Isabel Mota, que é membro da Academia Brasileira de Direito Eleitoral e Político, diz que a exemplo do que fazia em campanha, Bolsonaro transformou a rede social em veículo oficial de seu governo, o que justifica as críticas. Na visão da especialista, a repercussão internacional da questão afeta a visão estrangeira sobre o país e o presidente quebra a liturgia do cargo com a postagem, mas não o decoro.

“No momento em que faz isso, ele atrai para o ambiente da rede social dele, agora tornado comunicação oficial – uma oficialidade que se impõe também para esse ambiente. Para quebrar o decoro, precisaria de um pouco mais.
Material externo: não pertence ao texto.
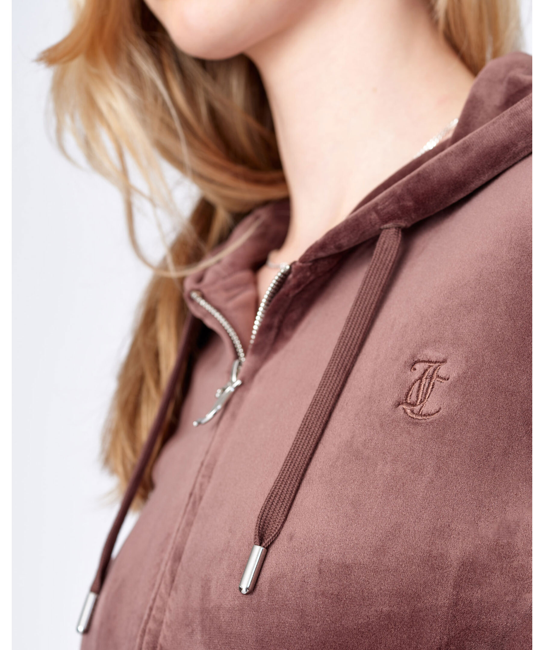 Brun hoodie med dragkedja fram i velour från Juicy Couture. Bred mudd i plaggslut och i ärmslut, broderad logotyp i ton-i-ton på bröstet på vänster sida. Snörning i luvan och fickor fram.
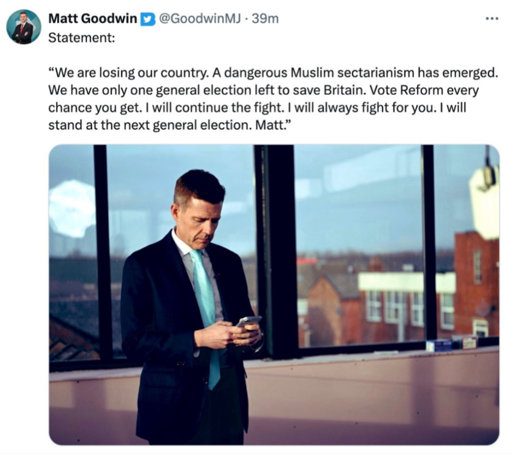 Goodwin would i think happily lose if he got to blame it on muslims/ greens/ woke

Um mera postagem, ainda que eu encare de mau gosto e que não respeite a liturgia do cargo, ela não teria o condão de afetar realmente o decoro”, destacou.

Sobre um processo de impeachment levantado por muitos constitucionalistas, a especialista levanta a abordagem de que seriam necessárias questões mais graves tanto no aspecto político quanto jurídico.

Resposta do Governo

A Secretaria de Comunicação da Presidência da República se pronunciou sobre a questão por meio de nota.

A pasta diz que “no vídeo, postado pelo sr. presidente da República em sua conta pessoal de uma rede social, há cenas que escandalizaram, não só o próprio presidente, bem como grande parte da sociedade”; que “é um crime, tipificado na legislação brasileira, que violenta os valores familiares e as tradições culturais do carnaval”.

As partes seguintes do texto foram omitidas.